You could look at the first 40-ish bytes 1 .您可以查看前 40 个字节1 They should contain the document declaration (assuming it has an document declaration) which should either contain the encoding or you can assume it's UTF-8 or UTF-16, which should should be obvious from how you've understood the <?xml part.它们应该包含文档声明(假设它文档声明),它应该包含编码,或者您可以假设它是 UTF-8 或 UTF-16,从您对<?xml部分的理解来看,这应该是显而易见的。 (Just check for both patterns.) (只需检查两种模式。)

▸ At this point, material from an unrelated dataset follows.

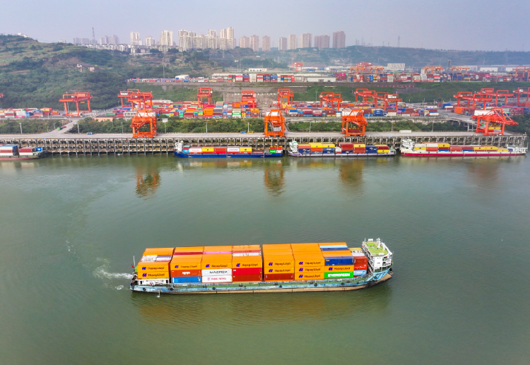 重庆果园港,满载集装箱的货船驶出港口(图|视觉重庆)
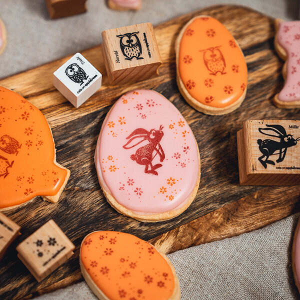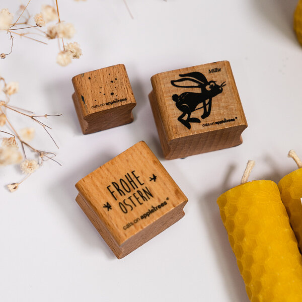 Cats on Appletrees stempel van Millie de springende haas.

Realistically, do you expect you'll ever get anything other than UTF-8 or UTF-16?实际上,您是否希望得到 UTF-8 或 UTF-16 以外的任何东西? If not, you could check for the patterns you get at the start of both of those and throw an exception if it doesn't follow either pattern.如果没有,您可以检查在这两个模式开始时获得的模式,如果不遵循任一模式,则抛出异常。 Alternatively, if you want to make another attempt, you could always try to decode the document as UTF-8, re-encode it and see if you get the same bytes back.或者,如果您想再次尝试,您总是可以尝试将文档解码为 UTF-8,重新编码并查看是否获得相同的字节。 It's not ideal, but it might just work.这并不理想,但它可能只是工作。

I'm sure there are more rigorous ways of doing this, but they're likely to be finicky :)我确信有更严格的方法可以做到这一点,但它们可能很挑剔:)


1 Quite possibly less than this. 1很可能比这少。 I figure 20 characters should be enough, which is 40 bytes in UTF-16.我认为 20 个字符应该足够了,这是 UTF-16 中的 40 个字节。

The first 2 or 3 bytes may be a Byte Order Mark (BOM) which can tell you whether the stream is UTF-8, Unicode-LittleEndian or Unicode-BigEndian.前 2 或 3 个字节可能是字节顺序标记 (BOM),它可以告诉您流是 UTF-8、Unicode-LittleEndian 还是 Unicode-BigEndian。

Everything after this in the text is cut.